Chimène and Papa met for the first time three days after her operation. "I wanted Chimène to tell me her story and explain what she was worried about, so I could start to understand the degree of physical and mental suffering she was going through," explained Olivier. "My job is not to treat the patients, but to give the medical team the keys to do so. Chimène was afraid of suffering more pain, and that's why she wasn't letting anyone touch her."

Reprendre confiance 

Ndosho CBCA Hospital in Goma.

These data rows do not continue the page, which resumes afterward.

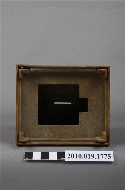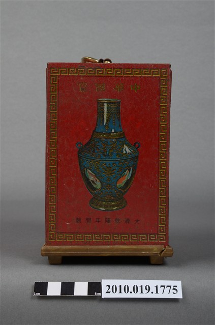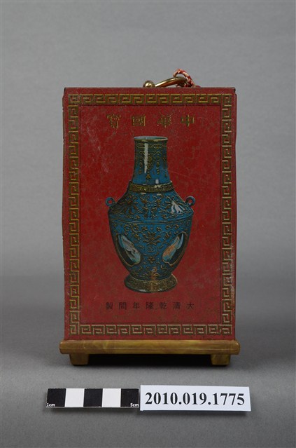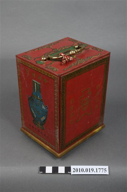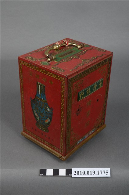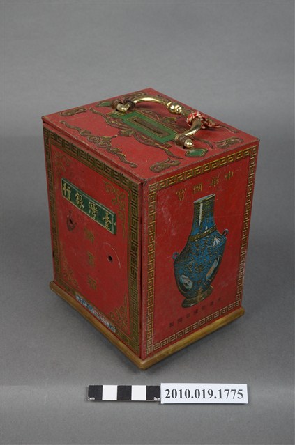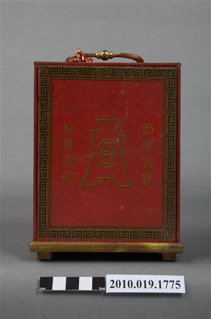 本物件為儲蓄箱,材質為金屬製,整體為大紅色的立體四邊形造型,前後左右四面皆有萬字紋邊框。正面印有「儲蓄箱」字樣其兩旁各有一孔洞,可由孔洞旁刻劃的等距半徑圓弧猜測應原有裝飾物件,上方鑲有一塊寫著「臺灣銀行」字樣名牌,背面正中央印有一個布錢符號及「節約儲蓄」、「家富國強」字樣,左右兩面皆印有彩色「清乾隆霽青描金游魚轉心瓶」圖案及「中華國寶」、「大清乾隆年間製」字樣,在頂部正中央有一長方形孔洞可投零錢,並裝有一個金屬色塑膠提把,提把繫著一條紅白色尼龍繩,底部中心有一「凸」字型孔洞,應為取出零錢處。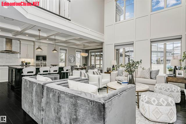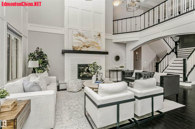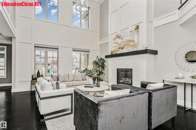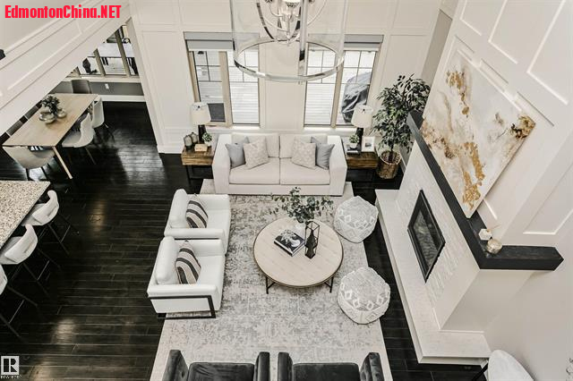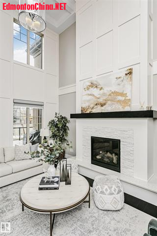 : g: D) o5 X2 u1 i5 |) `* l- o双层挑高大客厅:阳光倾泻而入,现代壁炉墙成为开放式布局的视觉焦点!厨师级厨房配巨型花岗岩中岛+高端嵌入式电器,烹饪与宴客皆气场全开!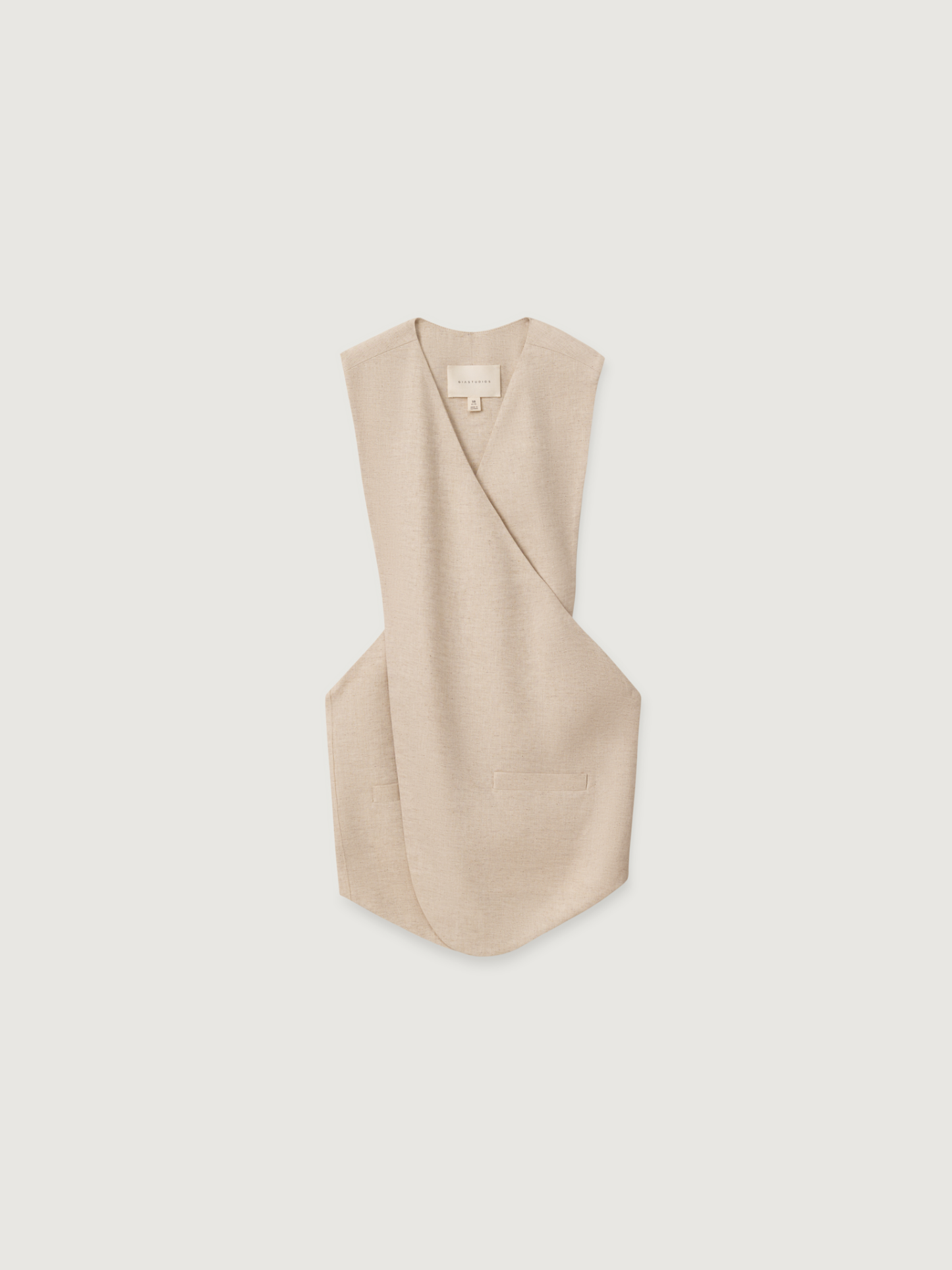 询盘商品-WRAP OVER LINEN VEST IN BEIGE

Chimène looks at the photos that ICRC communication delegate Christian Katsuva has taken of her. / CC BY-NC-ND / ICRC / Elodie Schindler

During the second session, Olivier brought Chimène a doll. She grabbed it immediately. "I'm going to look after her straight away!" she exclaimed determinedly.

Psycho-social work with children requires creativity and the right tools. "One day, I gave her a drawing of a little girl with a missing arm. I called the girl Pepita," recalls Claudia Rocio Ibarra López, the ICRC's mental health specialist in Goma. "We started talking about what Pepita would be able to do if she were in the same position. Would she be able to go to school? Play with her friends? Wash herself? Answering these questions showed Chimène what she could do."

With the help of the psycho-social team, she began to realize that she could still do many things, and a few new ones. "To build her self-confidence and encourage her to play using her good arm, we started kicking a ball around on the hospital lawn. A month after the incident, she's doing at least as well as the children she plays with!" explains physiotherapist Jean Fiasse.

The role of the family

Chimène's mother took part in her daughter's psycho-social care sessions. She is a psycho-social assistant herself, and had already undergone ICRC training for her work at the Pinga "maison d'écoute." The maisons d'écoute (literally "listening houses") are centres where psycho-social assistants care for victims of sexual violence and other types of conflict-linked trauma, referring them to health facilities so that they can receive medical treatment if necessary. The ICRC supports the maisons d'écoute, mainly by training staff, supplying equipment and providing funding.

"My own daughter has become one of the victims, and that's really hard," explains Chimène's mother. "I'm angry with the people who did this, and I feel guilty for not having been able to protect her. I'm frightened to go back to our village, because it's still dangerous there."

Chimène is also a bit scared about going back, but she is looking forward to eating the bananas from her village again. "I really want to go back to school, but all my exercise books got burnt on that day," she says. While she waits to to return to her village, Chimène plays ball with Fazili, another little girl from Pinga. Fazili got off lightly during the attack; the bullets only grazed her back.

Chimène shows that she can look after her doll, despite her handicap.